In R, the easiest-to-use package for web scraping is rvest
. Run the following code to install the package from CRAN:
install.packages("rvest")
First, we load the package and use read_html()
to read data/single-table.html
and try to extract the table from the web page:
library(rvest) ## Loading required package: xml2 single_table_page <- read_html("data/single-table.html") single_table_page ## {xml_document} ## <html> ## [1] <head> <title>Single table</title> </head> ## [2] <body> <p>The following is a table</p> <table i ...
Note that single_table_page
is a parsed HTML document, which is a nested data structure of HTML nodes.
A typical process for scraping information from such a web page using rvest
functions is: First, locate the HTML nodes from which we need to extract data. Then, use either the CSS selector or XPath expression to filter the HTML nodes so that the nodes we need are selected and those we don't need are omitted. Finally, use proper selectors with html_nodes()
to take a subset of nodes, html_attrs()
to extract attributes, and html_text()
to extract text from the parsed web page.
The package also provides simple functions that directly extract data from a web page and return a data frame. For example, to extract all <table>
elements from it, we directly call html_table()
:
html_table(single_table_page) ## [[1]] ## Name Age ## 1 Jenny 18 ## 2 James 19
To extract the first <table>
element, we use html_node()
to select the first node with the CSS selector table
and then use html_table()
with the node to get a data frame:
html_table(html_node(single_table_page, "table")) ## Name Age ## 1 Jenny 18 ## 2 James 19
A more natural way to do this is to use pipelines, just like using %>%
with dplyr
functions introduced in Chapter 12, Data Manipulation. Recall that %>%
basically evaluates x %>% f(...)
as f(x, ...)
so that a nested call can be unnested and become much more readable. The preceding code can be rewritten as the following using %>%
:
single_table_page %>% html_node("table") %>% html_table() ## Name Age ## 1 Jenny 18 ## 2 James 19
Now we read data/products.html
and use html_nodes()
to match the <span class="name">
nodes:
products_page <- read_html("data/products.html") products_page %>% html_nodes(".product-list li .name") ## {xml_nodeset (3)} ## [1] <span class="name">Product-A</span> ## [2] <span class="name">Product-B</span> ## [3] <span class="name">Product-C</span>
Note that the nodes we want to select are of the name
class in <li>
nodes of a node of the product-list
class, therefore we can use .product-list li.name
to select all such nodes. Go through the CSS table if you feel you are not familiar with the notation.

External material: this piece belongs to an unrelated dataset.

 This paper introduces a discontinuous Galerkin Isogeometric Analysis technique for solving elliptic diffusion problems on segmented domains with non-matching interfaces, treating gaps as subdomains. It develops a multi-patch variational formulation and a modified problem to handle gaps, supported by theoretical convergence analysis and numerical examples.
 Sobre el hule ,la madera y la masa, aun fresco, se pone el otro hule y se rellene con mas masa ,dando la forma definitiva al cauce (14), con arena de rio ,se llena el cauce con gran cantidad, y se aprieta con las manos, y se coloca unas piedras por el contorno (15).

To extract the contents from the selected nodes, we use html_text()
, which returns a character vector:
products_page %>% html_nodes(".product-list li .name") %>% html_text() ## [1] "Product-A" "Product-B" "Product-C"

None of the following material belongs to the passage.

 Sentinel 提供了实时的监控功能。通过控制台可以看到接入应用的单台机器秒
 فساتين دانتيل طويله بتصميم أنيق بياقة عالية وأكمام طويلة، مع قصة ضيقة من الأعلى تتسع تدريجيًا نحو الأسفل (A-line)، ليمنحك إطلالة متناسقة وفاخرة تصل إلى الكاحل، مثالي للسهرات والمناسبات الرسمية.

Similarly, the following code extracts the product prices:
products_page %>% html_nodes(".product-list li .price") %>% html_text() ## [1] "$199.95" "$129.95" "$99.95"

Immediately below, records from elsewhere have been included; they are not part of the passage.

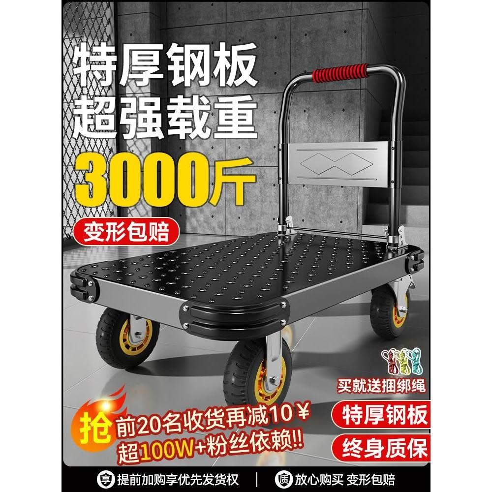 钢板小推车拉货手推车平板车搬运车拖车折叠便携小拉车快递手拉车
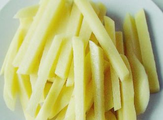 2、准备土豆,切成筷子方头粗的土豆条;
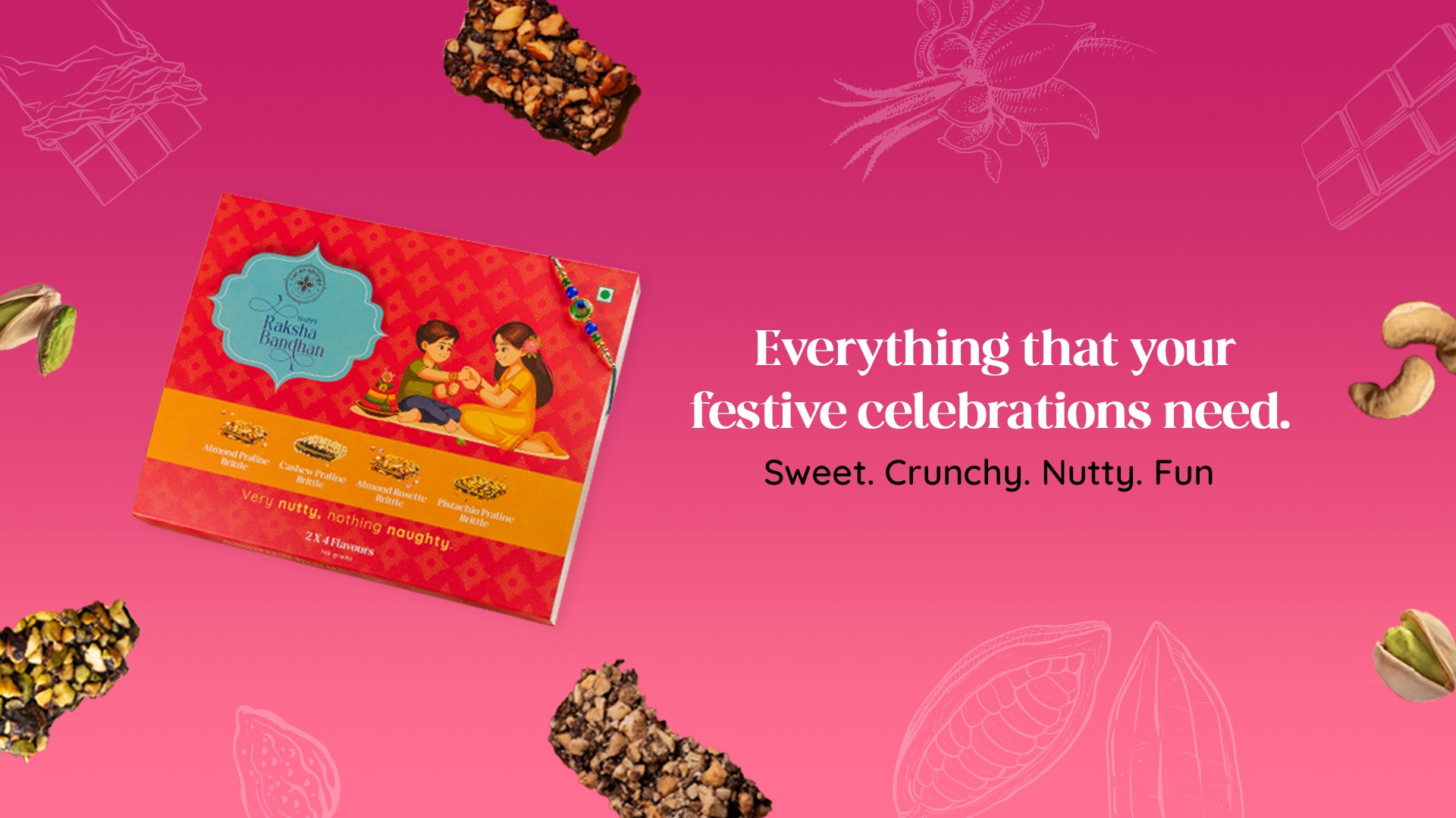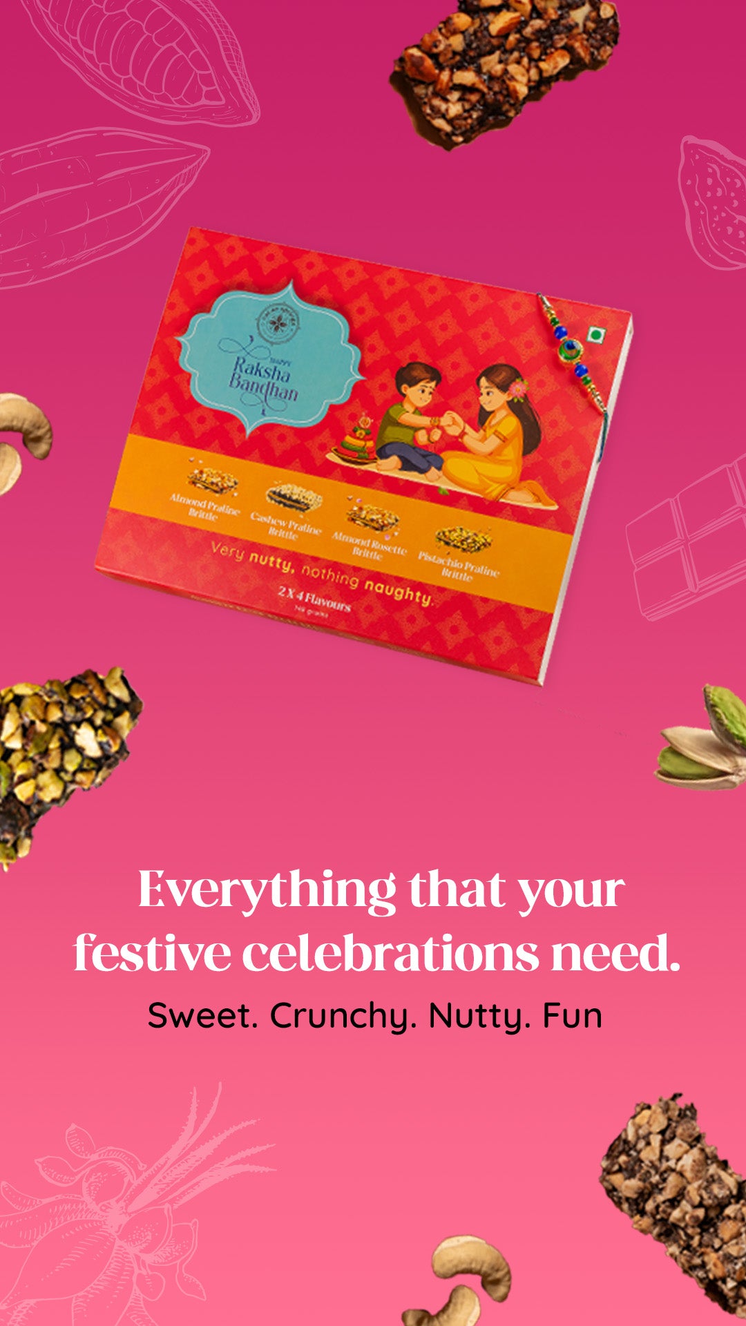 Perfect for Rakhi, this hamper celebrates the bond of love and security between siblings. It includes an assortment of Almond Praline Brittle, Almond Rosette Brittle, Pistachio Praline Brittle and Cashew Praline Brittle, promising richness in every bite.

In the preceding code, html_nodes()
returns a collection of HTML nodes while html_text()
is smart enough to extract the inner text from each HTML node and returns a character vector.
Note that these prices are still in their raw format represented by a string rather than number. The following code extracts the same data and transforms it into a more useful form:
product_items <- products_page %>% html_nodes(".product-list li") products <- data.frame( name = product_items %>% html_nodes(".name") %>% html_text(), price = product_items %>% html_nodes(".price") %>% html_text() %>% gsub("$", "", ., fixed = TRUE) %>% as.numeric(), stringsAsFactors = FALSE ) products ## name price ## 1 Product-A 199.95 ## 2 Product-B 129.95 ## 3 Product-C 99.95
Note that the intermediate results of selected nodes can be stored as a variable and used repeatedly. Then the subsequent html_nodes()
and html_node()
calls only match the inner nodes.
Since product prices should be numeric values, we use gsub()
to remove $
from the raw prices and convert the results to a numeric vector. The call of gsub()
in the pipeline is somehow special because the previous result (represented by .
) should be put to the third argument instead of the first one.
In this case, .product-list li .name
can be reduced to .name
and the same also applies to .product-list li .price
. In practice, however, a CSS class may be used extensively and such a general selector may match too many elements that are not desired. Therefore, it is better to use a more descriptive and sufficiently strict selector to match the interested nodes.